Original Contributions |
From the Department of Public Health and Clinical Medicine (K.A.), Medical Unit, Umeå University Hospital, Umeå, Sweden; the National Institute for Health and Welfare (J.K., P.J., M.N., K.K.), Helsinki, Finland; the National Centre for Epidemiology, Surveillance and Health Promotion (S.G.), Istituto Superiore di Sanità, Rome, Italy; the Department of Cardiovascular Epidemiology and Prevention (G.B.), National Institute of Cardiology, Warsaw, Poland; Dipartimento de Medicina (G.C.), Prevenzione e Biotecnologie Sanitarie, Università degli Studi Milano-Bicocca, Monza, Italy; the Department of Epidemiology and Public Health (J.D.), Pasteur Institute of Lille, Lille, France; the National Institute of Health and Medical Research (U258; P.D.), Paris, France; the Department of Epidemiology and Public Health (A.E., J.Y.), The Queens University of Belfast, Belfast, UK; the Department of Epidemiology (J.F.), Faculty of Medicine, Toulouse-Purpan, Toulouse, France; the Department of Epidemiology and Public Health (B.H.), Louis Pasteur University, Faculty of Medicine, Strasbourg, France; the Research Centre for Prevention and Health (T.J.), Capital Region, Denmark; Kaunas University of Medicine (A.T.), Institute of Cardiology, Kaunas, Lithuania; Centro di Prevenzione Cardiovasculare (D.V.), Agenmzia Regionale della Sanità Friuli Venezia Giulia, Udine, Italy; the Department of Medicine (P.-G.W.), Umeå University Hospital, Umeå, Sweden; and the Indic Society for Education and Development (INSEED; S.K.), Nashik, India.

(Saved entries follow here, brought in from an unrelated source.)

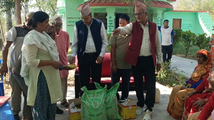 सामुदायिक वन उपभोक्ता समितिको तर्फबाट स्थानिय सदस्यहरुले पाउदै आएको राहत वितरण कार्यक्रममा जिल्ला वन अधिकृत लक्ष्मी प्रशाद जोशीको प्रमुख आतिथ्यमा उपभोक्ता समुहका अध्यक्ष कर्ण बहादुर बिष्ट, भीनपा–३ वडा सदस्य विर वहादुर महता लगायतको उपस्थिति रहेको थियो ।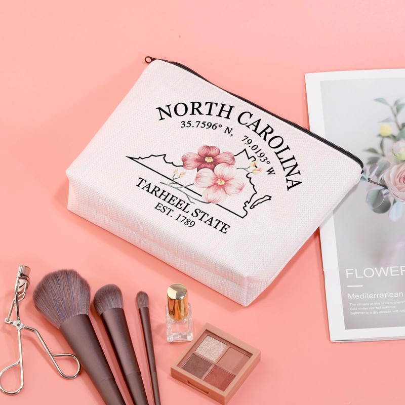 JXGZSO North Carolina Map Cosmetic Bag North Carolina Travel Pouch Bag Dogwood Flower Lovers Gift (TARHEEL STATE Bag)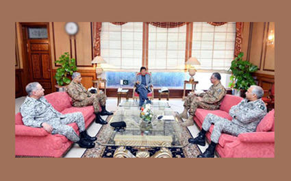 اسلام آباد...وزیراعظم عمران خان سے چیئرمین جوائنٹ چیفس آف اسٹاف کمیٹی اور سروسز چیفس نے ملاقات کی ۔ملک کی سیکیورٹی صورتحال اور پیشہ وارانہ امور پر بات کی گئی۔ بدھ کو وزیراعظم آفس میں چیئرمین جوائنٹ چیفس آسٹاف سمیت تینوں مسلح افواج کے سربراہان آرمی چیف جنرل قمر جاوید باجوہ، ایئرچیف مجاہد انور خان اور ایڈمرل ظفر محمود عباسی نے ملاقات کی ۔ سروسز چیفس نے وزیراعظم کو ملک کی زمینی، فضائی اور بحری بارڈر کی صورتحال سے آگاہ کیا۔ پاک فوج کی صلاحیت اور تیاریوں سے متعلق بھی تفصیلی بریفنگ دی گئی۔ عمران خان نے پاکستان اور ہند کے درمیان حالیہ کشیدگی کے دوران پاک فوج خاص طور پر پاکستان فضائیہ کی کارکردگی کی تعریف کی۔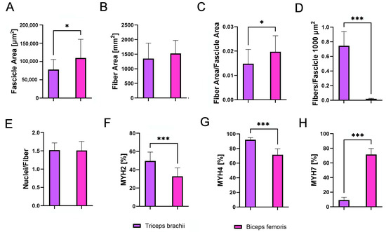 Comparative analysis of (A) fascicle area [µm2], (B) fiber area [µm2], (C) fiber area per fascicle area, (D) fibers per 1000 µm2 of fascicle, (E) nuclei per fiber, (F) percentage of MYH2-immunoreactive (IR) fibers, (G) percentage of MYH4-IR fibers, and (H) percentage of MYH7-IR fibers in the triceps brachii (purple) and biceps femoris (pink) of companion dogs. Asterisks (*) indicate significant differences between triceps brachii and biceps femoris (* p < 0.05, *** p < 0.001).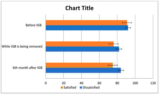 In terms of the duration of IGB treatment, there was no statistically significant difference between those who were satisfied with the procedure and those who were not (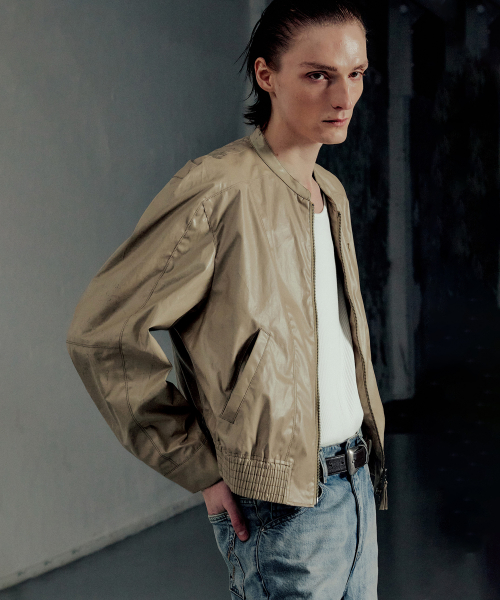 글레이즈드 코튼 바이커 자켓 베이지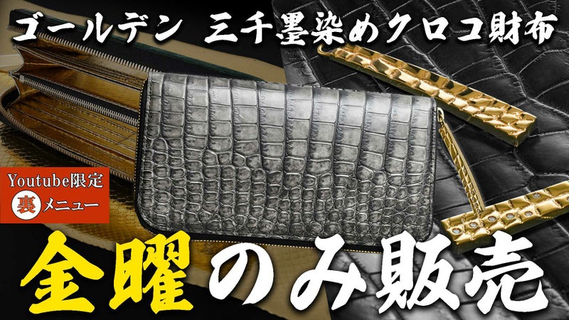 〈最強の個性10億分の1の出会い三千墨染めクロコダイル財布 黄金内装ver. 最新オーダー受付状況 〉 時点 2026年4月30日頃出荷分…残り1本 ※池田工芸では創業80年の歴史の中で築いたタンナーとの信頼により、 国内に入ってくる革の中でも、ごく少量の最高級クロコダイルのみを厳選して手配しています。 サイズが大きく斑の並びが美しい、これらのクロコダイルは世界的にもたいへん希少なため、 現在オーダー受付中のものが完売すると、再販売が叶わない可能性もございます。 |

Correspondence to Kjell Asplund, MD, PhD, Riks-Stroke, Medicine, Department of Public Health and Clinical Medicine, University Hospital, SE-70185 Umeå, Sweden. E-mail Kjell.Asplund{at}branneriet.se
Background and Purpose— Within the framework of the MOnica Risk, Genetics, Archiving and Monograph (MORGAM) Project, the variations in impact of classical risk factors of stroke by population, sex, and age were analyzed.
Methods— Follow-up data were collected in 43 cohorts in 18 populations in 8 European countries surveyed for cardiovascular risk factors. In 93 695 persons aged 19 to 77 years and free of major cardiovascular disease at baseline, total observation years were 1 234 252 and the number of stroke events analyzed was 3142. Hazard ratios were calculated by Cox regression analyses.
Results— Each year of age increased the risk of stroke (fatal and nonfatal together) by 9% (95% CI, 9% to 10%) in men and by 10% (9% to 10%) in women. A 10-mm Hg increase in systolic blood pressure involved a similar increase in risk in men (28%; 24% to 32%) and women (25%; 20% to 29%). Smoking conferred a similar excess risk in women (104%; 78% to 133%) and in men (82%; 66% to 100%). The effect of increasing body mass index was very modest. Higher high-density lipoprotein cholesterol levels decreased the risk of stroke more in women (hazard ratio per mmol/L 0.58; 0.49 to 0.68) than in men (0.80; 0.69 to 0.92). The impact of the individual risk factors differed somewhat between countries/regions with high blood pressure being particularly important in central Europe (Poland and Lithuania).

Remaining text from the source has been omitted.